Review: Noah and the Whale – ‘Last Night on Earth’

Originally published for IAreYeti.

If ‘First Days of Spring’ was Charlie Fink’s break-up album, then ‘Last Night on Earth’ proves that he is most definitely ready to move on, as has been made abundantly clear by the title of lead single, ‘L.I.F.E.G.O.E.S.O.N.’. With references to life and change being thrown around right, left and centre, Noah and the Whale have, undoubtedly, turned a corner with their latest album. Gone are the days of the soft, emotional vocals and arrangements of the last album; instead there are upbeat melodies and big, catchy choruses. Whether the change in mood is genuine or contrived, ‘Last Night on Earth’ makes for one of the most uplifting albums of the year.

The general tone of the album is set straight away with the opening track ‘Life Is Life’, which tells a story of a man ready to “change his ways” and move on with his life. This theme is continued in to the following two tracks, ‘Tonight’s the Kind of Night’ and ‘L.I.F.E.G.O.E.S.O.N.’, as well as being prominent throughout the album. At times, the band almost seem to revisit the sound of their last album, particularly on ‘Wild Thing’ and ‘The Line’, which both have slower melodies and much deeper vocals than the other tracks on the album.

Perhaps one of the biggest differences lyrically on certain tracks is the story-telling style of song writing Fink seems to have adopted. While on the last album, the lyrics were written mostly in first-person and seemed a lot more personal, some of the songs on this album seem to centre around one particular character. However, there is a sense that Fink is just using this character to hide behind sometimes, so as to create a bit of distance and avoid completely divulging his emotions.
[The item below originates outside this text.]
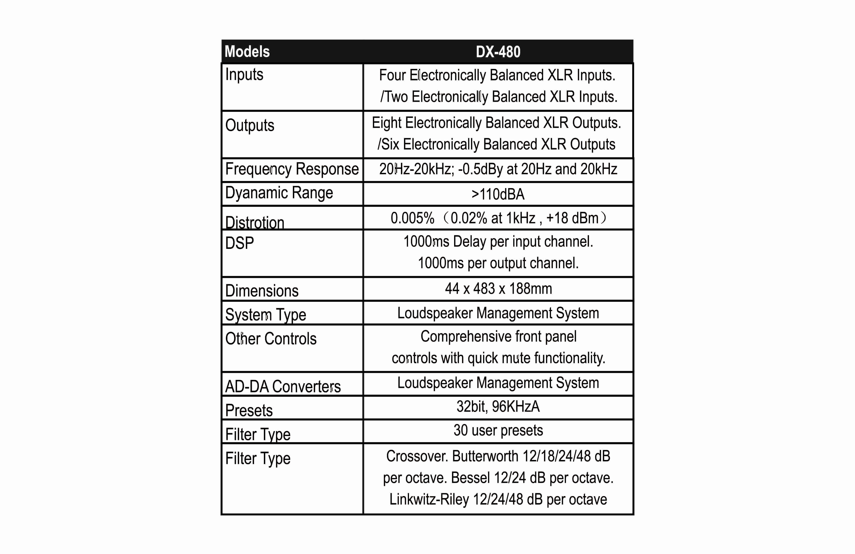 The DX series High End Digital Speaker Management systems combine an outstanding full 96kHz DSP processor with Floating 32 Bit AD/DA Converters to provide Superb Sonic Performance.

Probably the best thing about Noah and the Whale is that you can’t really compare them to any other bands around at the moment because, although they are considered to have played a large role in the recent ‘folk-pop’ revival, they have a much more unique sound than many other bands in their genre. They haven’t reproduced the same clichéd, banjo-fuelled folk album and, instead, have experimented with different accompaniments and arrangements, while still staying true to the band’s sound. Because of this, they have proved themselves to be a very credible band, worthy of their recent success.